DATA PROVIDED Block Start

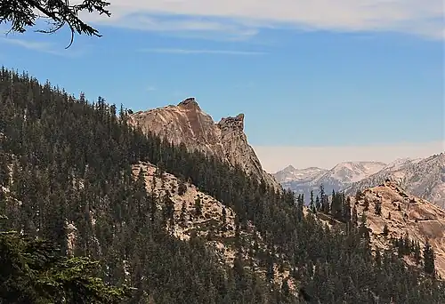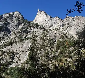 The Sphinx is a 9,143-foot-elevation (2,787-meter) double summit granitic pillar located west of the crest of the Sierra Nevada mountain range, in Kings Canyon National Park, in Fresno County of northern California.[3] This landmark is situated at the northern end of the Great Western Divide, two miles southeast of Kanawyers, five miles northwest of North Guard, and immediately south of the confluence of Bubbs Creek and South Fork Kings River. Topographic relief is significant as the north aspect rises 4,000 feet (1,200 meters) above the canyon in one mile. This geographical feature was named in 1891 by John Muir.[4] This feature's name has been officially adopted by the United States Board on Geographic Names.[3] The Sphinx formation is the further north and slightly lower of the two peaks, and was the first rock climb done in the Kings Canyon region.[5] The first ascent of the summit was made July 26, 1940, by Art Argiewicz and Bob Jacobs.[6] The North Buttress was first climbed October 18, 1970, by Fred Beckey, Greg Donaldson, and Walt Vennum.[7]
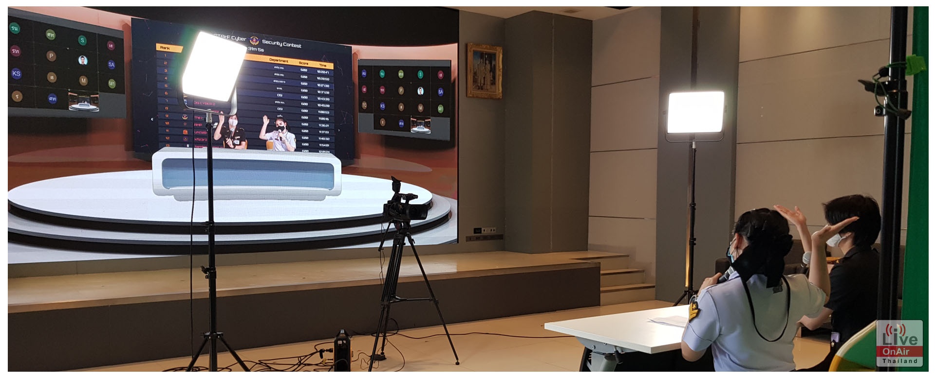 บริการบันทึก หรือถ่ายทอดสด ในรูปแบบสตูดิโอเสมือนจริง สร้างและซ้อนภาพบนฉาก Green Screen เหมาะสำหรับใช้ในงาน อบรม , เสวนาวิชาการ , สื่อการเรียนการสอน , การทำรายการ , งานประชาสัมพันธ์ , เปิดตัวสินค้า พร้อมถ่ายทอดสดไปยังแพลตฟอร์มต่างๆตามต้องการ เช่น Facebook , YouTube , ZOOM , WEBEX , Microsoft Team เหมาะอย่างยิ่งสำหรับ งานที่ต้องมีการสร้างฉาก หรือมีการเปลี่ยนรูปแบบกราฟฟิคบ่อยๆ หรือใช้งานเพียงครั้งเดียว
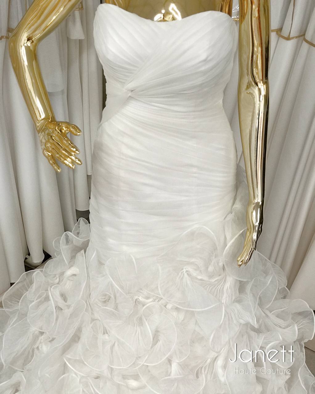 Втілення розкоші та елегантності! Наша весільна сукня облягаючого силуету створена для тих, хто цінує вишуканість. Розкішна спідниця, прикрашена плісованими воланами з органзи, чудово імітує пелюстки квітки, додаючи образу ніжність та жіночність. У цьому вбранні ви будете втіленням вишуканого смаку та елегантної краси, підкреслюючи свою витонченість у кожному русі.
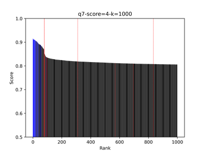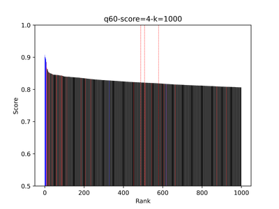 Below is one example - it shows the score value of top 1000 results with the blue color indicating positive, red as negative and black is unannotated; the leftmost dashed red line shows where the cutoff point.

DATA PROVIDED Block End

- EXERCISE REQUIREMENTS
The data must be reproduced exactly, and no picture may appear in the copy.

- TASK SOLUTION
 The Sphinx is a 9,143-foot-elevation (2,787-meter) double summit granitic pillar located west of the crest of the Sierra Nevada mountain range, in Kings Canyon National Park, in Fresno County of northern California.[3] This landmark is situated at the northern end of the Great Western Divide, two miles southeast of Kanawyers, five miles northwest of North Guard, and immediately south of the confluence of Bubbs Creek and South Fork Kings River. Topographic relief is significant as the north aspect rises 4,000 feet (1,200 meters) above the canyon in one mile. This geographical feature was named in 1891 by John Muir.[4] This feature's name has been officially adopted by the United States Board on Geographic Names.[3] The Sphinx formation is the further north and slightly lower of the two peaks, and was the first rock climb done in the Kings Canyon region.[5] The first ascent of the summit was made July 26, 1940, by Art Argiewicz and Bob Jacobs.[6] The North Buttress was first climbed October 18, 1970, by Fred Beckey, Greg Donaldson, and Walt Vennum.[7]
 บริการบันทึก หรือถ่ายทอดสด ในรูปแบบสตูดิโอเสมือนจริง สร้างและซ้อนภาพบนฉาก Green Screen เหมาะสำหรับใช้ในงาน อบรม , เสวนาวิชาการ , สื่อการเรียนการสอน , การทำรายการ , งานประชาสัมพันธ์ , เปิดตัวสินค้า พร้อมถ่ายทอดสดไปยังแพลตฟอร์มต่างๆตามต้องการ เช่น Facebook , YouTube , ZOOM , WEBEX , Microsoft Team เหมาะอย่างยิ่งสำหรับ งานที่ต้องมีการสร้างฉาก หรือมีการเปลี่ยนรูปแบบกราฟฟิคบ่อยๆ หรือใช้งานเพียงครั้งเดียว
 Втілення розкоші та елегантності! Наша весільна сукня облягаючого силуету створена для тих, хто цінує вишуканість. Розкішна спідниця, прикрашена плісованими воланами з органзи, чудово імітує пелюстки квітки, додаючи образу ніжність та жіночність. У цьому вбранні ви будете втіленням вишуканого смаку та елегантної краси, підкреслюючи свою витонченість у кожному русі.
 Below is one example - it shows the score value of top 1000 results with the blue color indicating positive, red as negative and black is unannotated; the leftmost dashed red line shows where the cutoff point.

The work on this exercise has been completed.